## Exercise prompt
Every line below should come back exactly as written, though the pictures stay out.

## Collected data
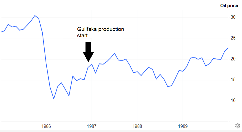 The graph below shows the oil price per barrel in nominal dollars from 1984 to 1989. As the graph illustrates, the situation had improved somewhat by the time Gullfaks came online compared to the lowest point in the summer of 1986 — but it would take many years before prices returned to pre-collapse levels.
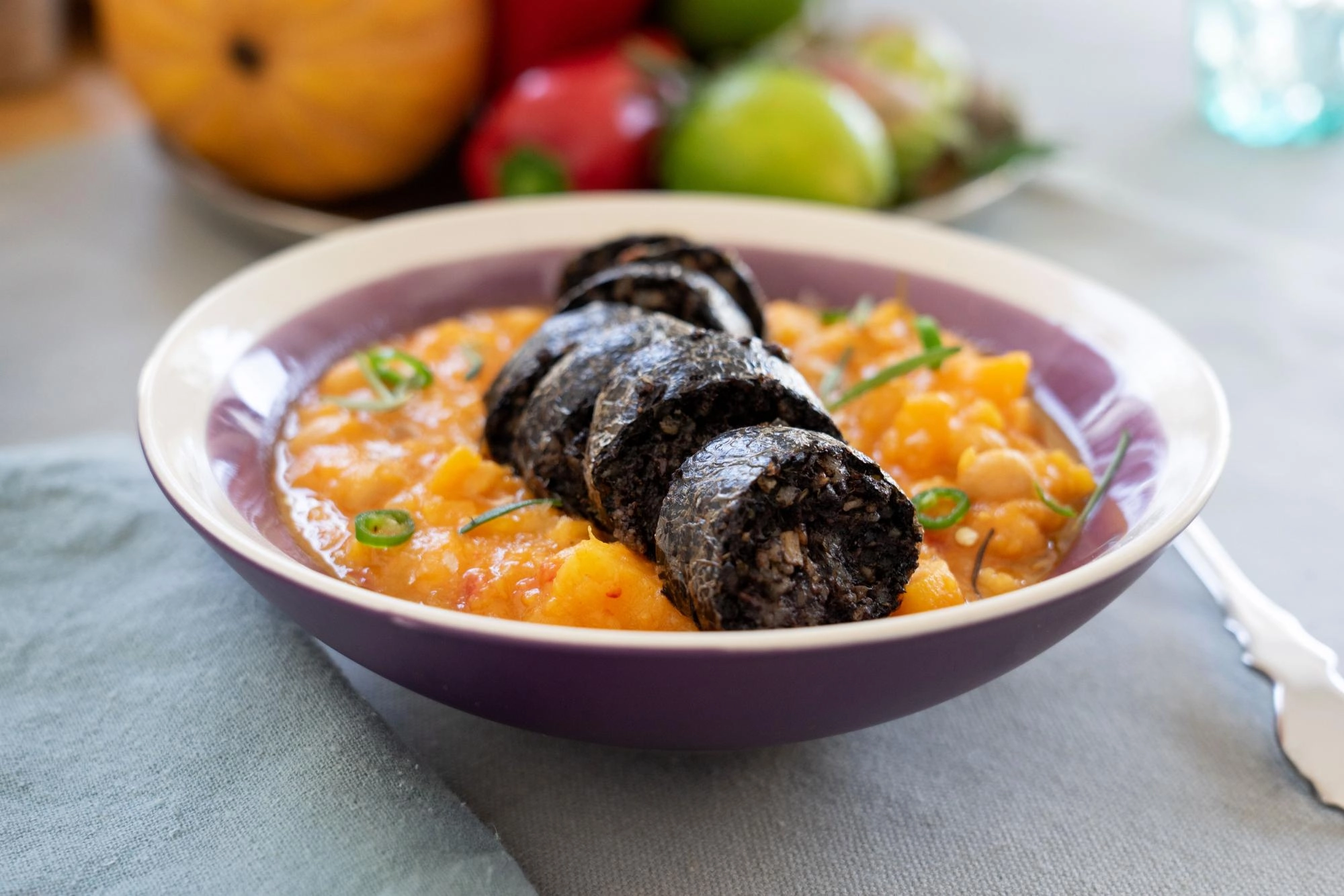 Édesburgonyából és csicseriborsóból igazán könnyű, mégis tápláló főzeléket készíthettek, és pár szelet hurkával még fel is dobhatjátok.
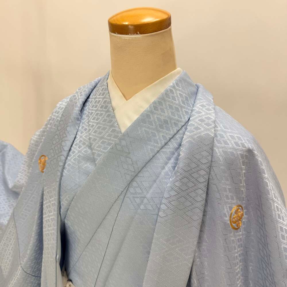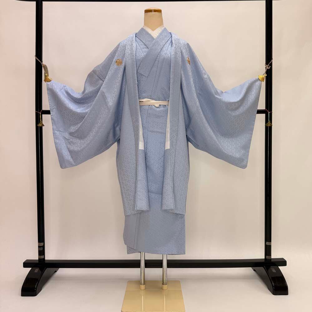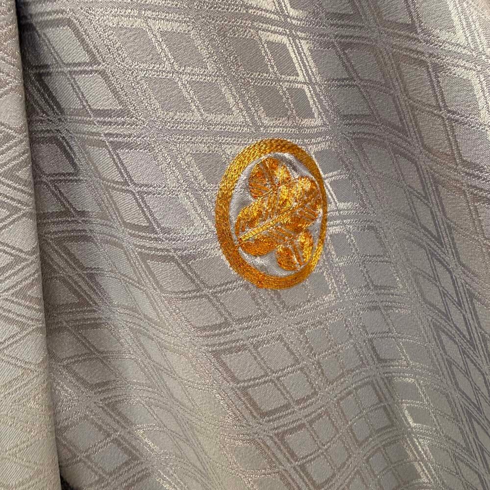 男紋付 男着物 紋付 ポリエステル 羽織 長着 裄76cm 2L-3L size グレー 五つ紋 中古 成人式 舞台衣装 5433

## Written reply
 The graph below shows the oil price per barrel in nominal dollars from 1984 to 1989. As the graph illustrates, the situation had improved somewhat by the time Gullfaks came online compared to the lowest point in the summer of 1986 — but it would take many years before prices returned to pre-collapse levels.
 Édesburgonyából és csicseriborsóból igazán könnyű, mégis tápláló főzeléket készíthettek, és pár szelet hurkával még fel is dobhatjátok.
 男紋付 男着物 紋付 ポリエステル 羽織 長着 裄76cm 2L-3L size グレー 五つ紋 中古 成人式 舞台衣装 5433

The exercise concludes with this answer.